Trichogenes longipinnis
- Conservation status: Near Threatened (IUCN 3.1)

Scientific classification
- Kingdom: Animalia
- Phylum: Chordata
- Class: Actinopterygii
- Order: Siluriformes
- Family: Trichomycteridae
- Subfamily: Trichogeninae
- Genus: Trichogenes
- Species: T. longipinnis
- Binomial name: Trichogenes longipinnis Britski & Ortega, 1983

= Trichogenes longipinnis =

- Authority: Britski & Ortega, 1983
- Conservation status: NT

Species of fish

Trichogenes longipinnis, the long-finned cambeva, species of freshwater ray-finned fish belonging to the family Trichomycteridae, the pencil and parasitic catfishes.
T. longipinnis is endemic to coastal streams in the Atlantic forest between Rio de Janeiro and São Paulo States in southeastern Brazil.

==Description==
The spotted colour pattern differs consistently between stream populations, indicating genetic differentiation. This fish grows to about 14 cm standard length (SL) in males and 10.6 cm SL in females.

==Ecology==
This catfish dwells in pools beneath small waterfalls in steep hill streams flowing over rocky and sandy substrates. The density of these fish varies from three to 25 individuals/m^{2}. At densities of 18 to 25 individuals/m^{2}, these fish aggregate in loose groups of up to 30 individuals. However, the largest ones tend to be solitary and territorial.

Unlike most trichomycterids which are bottom-dwelling and nocturnal, T. longipinnis is nektonic and active both during daytime and at night, with juvenile and small adults being more active at daytime than large adults.
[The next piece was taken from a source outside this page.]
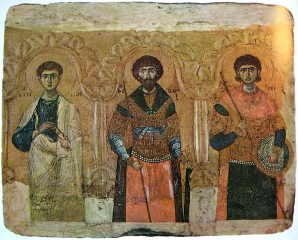 Editor: This tempera on panel, created around 1195, is titled "Saints Paul, James the Elder, Stephen, Lawrence, Martin of Tours, Leonard of Limoges." I'm struck by the way the figures seem to float against the gold backdrop, almost suspended in time. How would you interpret the iconography here? Curator: This image is dense with symbolism, carefully constructed to evoke specific emotional and spiritual responses. Each saint, identifiable by particular attributes – like Paul's book or Martin's bishop attire – contributes to a larger narrative about faith and virtue. Do you notice how their gazes draw you in, yet their postures are relatively static? Editor: Yes, there's a sense of formality, but also an intense engagement. The colors are rich, especially the reds and blues. Are there any repeated symbols across the Saints? Curator: Precisely. That controlled tension is a hallmark of Byzantine art, and serves to create an atmosphere of reverence. Consider the deliberate placement of hands in blessing or holding sacred objects; these are potent symbols of divine authority and intercession. Their frontal presentation emphasizes direct communication with the viewer. Notice also the use of hierarchic scale – where the more important figures might be slightly larger. What do you make of the gilded background? Editor: It seems to represent the divine, illuminating the figures from behind. This painting has a real depth and sense of purpose. Thanks for showing how symbols were used in medieval painting to impact and instruct the viewer. Curator: Indeed. It's about unlocking those encoded meanings and understanding the ongoing influence and cultural memory preserved through such enduring visual forms.

This catfish uses visual, tactile, and chemosensory orientation to feed on bottom-dwelling aquatic and terrestrial insects in the water column or on the surface. Their diet includes immature aquatic insects, crustaceans, adult terrestrial winged insects, whole or fragmented, and carrion. These fish forage mostly by scanning the bottom, the barbels touching the substrate, but visually oriented drift feeding is also used by smaller fish. While foraging, it may bury into sand or plant debris and sift through with its gill openings and mouth.

This species reproduces at the onset of rainy season.

T. longipinnis is restricted to steep hill stream stretches, and is absent in streams on gently sloping terrain dominated by Astyanax characids. The catfish possibly developed, or retained, its characid-like role (diurnal, nektonic, and insectivorous) in separately with this more widespread tetra.

==Conservation==
Due to restricted distribution, specialized habitat, and differentiated populations, the Vulnerable (VU B1+2bc) status in the IUCN Red List is proposed. However, this species was actually assessed as Near Threatened on 7 November 2018.